- At the edge of the Yangtze River, not far from the Three Gorges Dam, young men and women take up employment on a cruise ship, where they confront rising waters and a radically changing China.
- A luxury cruise boat motors up the Yangtze - navigating the mythic waterway known in China simply as "The River." The Yangtze is about to be transformed by the biggest hydroelectric dam in history. At the river's edge - a young woman says goodbye to her family as the floodwaters rise towards their small homestead. The Three Gorges Dam - contested symbol of the Chinese economic miracle - provides the epic backdrop for Up the Yangtze, a dramatic feature documentary on life inside modern China.—National Film Board of Canada
- The Three Gorges Dam on the Yangtze River in China - the largest hydroelectric dam project ever constructed at the time - would ultimately displace over one million people as cities, towns and villages and thus homes would be submerged underwater at the dam's completion, all in an effort to satisfy the growing and seemingly insatiable quest for energy. In many respects, the dam would change the face of China for good and bad, the bad including the loss of tradition and culture. During one of the dam's mid-phase construction stages, one family, the impoverished Yus, are followed, they a microcosm of the overall effects of the dam on the Chinese way of life. Despite the central government providing citizens relocation funds, most of those funds would be siphoned off by corrupt government officials at every level by the time they would trickle down to people like the Yus, forcing the Yus to figure out where they would move on their own, they who just want a plot of arable land near the river on which to farm. At the same time, the Yus' sixteen year old daughter, Shui Yu, who ultimately wants to attend high school (the Yus who do not have the money yet for her to be able to do so), is sent to work on one of the river cruise ships catering to western tourists, most who arguably will have the impression that what they will be witnessing is their traditional view of China.

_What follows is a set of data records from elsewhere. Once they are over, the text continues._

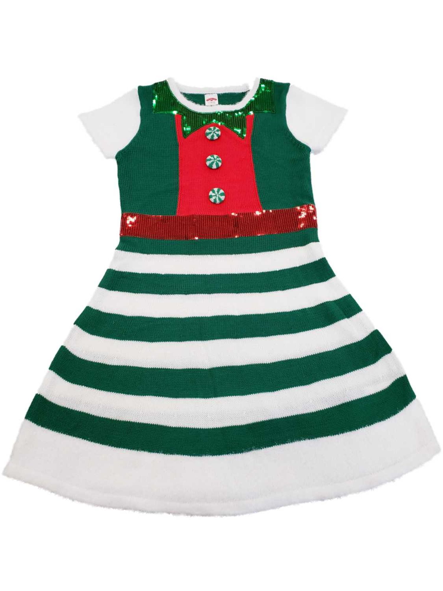 Girls Green Red White Fuzzy Sequin Elf walmart holiday sweater dress
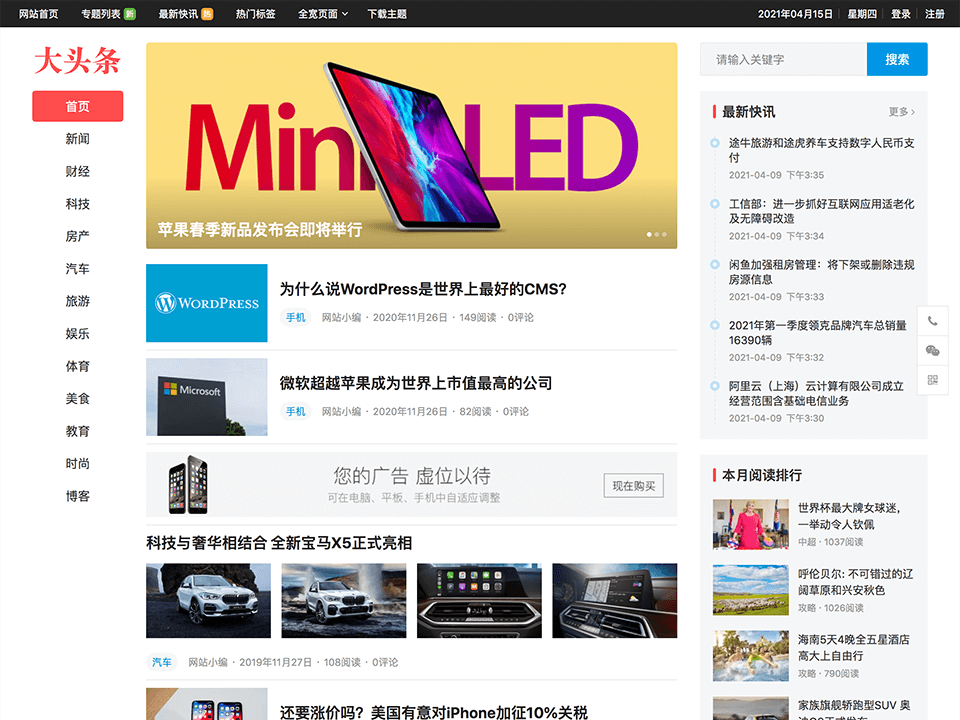 這款主題還集成了豐富的廣告位,包括網站文章列表廣告、文章內容頂部廣告、文章內容底部廣告、右側邊欄廣告(無限數量)等等廣告位,讓您的網站廣告展示更加方便快捷。
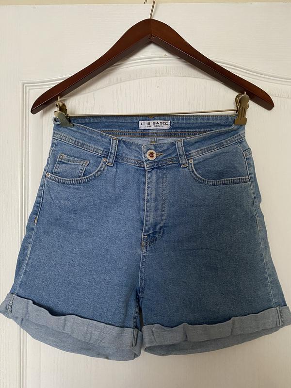Шорти джинсові фірми it’s basic. Джинс тягнеться.Розмір 36,але добре сідає і на 38. Виріб блакитного кольору.Має дефект (є на фото) на використання не впливає.Також трошки розтягнутий низ штанки (що легко можна прибрати в ательє).Загалом стан хороший
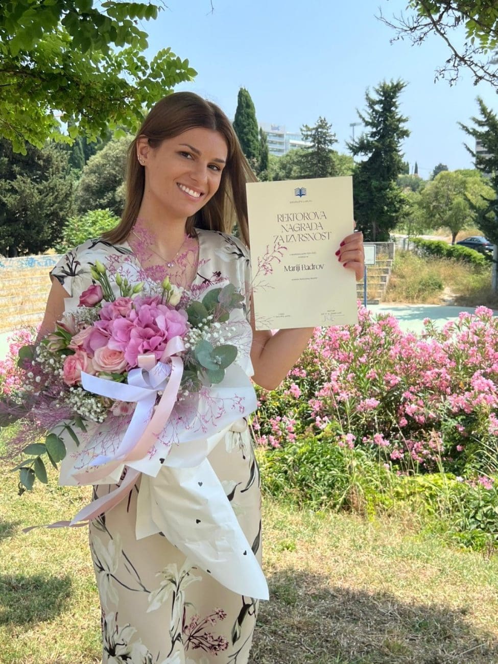 Osim što se može podičiti prosjekom ocjena na šestoj godini od 5.0, njezinu izvrsnost potvrdila je Rektorova i dvije Dekanove nagrade, te je tako ušla u krug rijetkih studenata koji su dobili toliko priznanja. Kaže da kad ostavi iza sebe puno rada i truda, nagrade dođu kao pohvala – znak da je ono što radi dobro – te otkriva da je predivan osjećaj kada vas netko pohvali. Tijekom studija bila je i članica studentske udruge PreventiST i jedna od organizatorica Kongresa studenata dentalne medicine u Splitu.
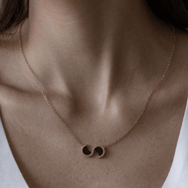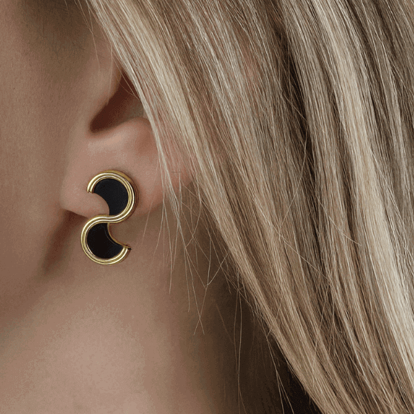 ➣ Colar e Brinco banhados a ouro 18k com pingente em formato fluido e simétrico com resina na cor preta.
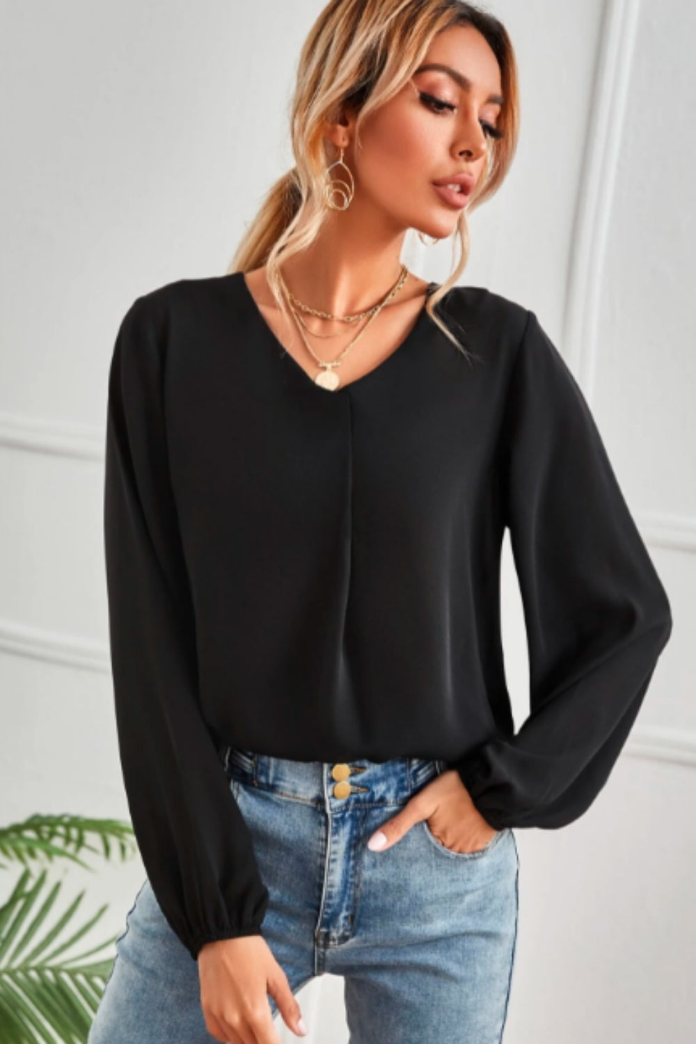 SKU:VNeckFullSleeveBlackSolidBlouse-XS

Like many of Shui Yu's colleagues aboard the ship, she is unwise to the ways of the outside world, she and they who are taught to put forward the best face of China, which in such a service industry means being forced to learn the global language of English.—Huggo
- This movie might be called Up the Yangzte without a paddle. or The Good Earth 2007
Father leads a poor family that squats near the river in a handbuilt shack. He no longer has steady work since the coming of the massive 3 gorges dam that will soon flood his modest home and farm. At least his family has good food from his little field. Daughter can't go on to college because they have no money, so she will work on the cruise boats that go up and down the river with foreign tourists. At first, she struggles and cries, but her supervisors assures her it will get better. Management says that they must train this generation, mostly single children to serve other people. One boy from a rich family finds he can get massive tips from tourists, but his workmates shun him as arrogant, and at the end he is sacked because he does not care enough about his customers or co-workers who say he carries himself like a movie star, not someone who show up to work. Finally the river reaches the house, and father has to move massive pieces of furniture up the riverbank to the ramp by himself with no help, and they push their belongings to new assigned housing, but he despairs he now has to pay for water and food. Tourists are shown how well the relocated families are doing, they have TV and air conditioning, but a shopkeeper breaks down in tears explaining how he was beaten because he did not have enough money to bribe the SOB officials that forced him to move away, and father finally gets a tour of the massive dam that has so affected his life, perhaps the best for china, but he can't see how it is doing his family any favors.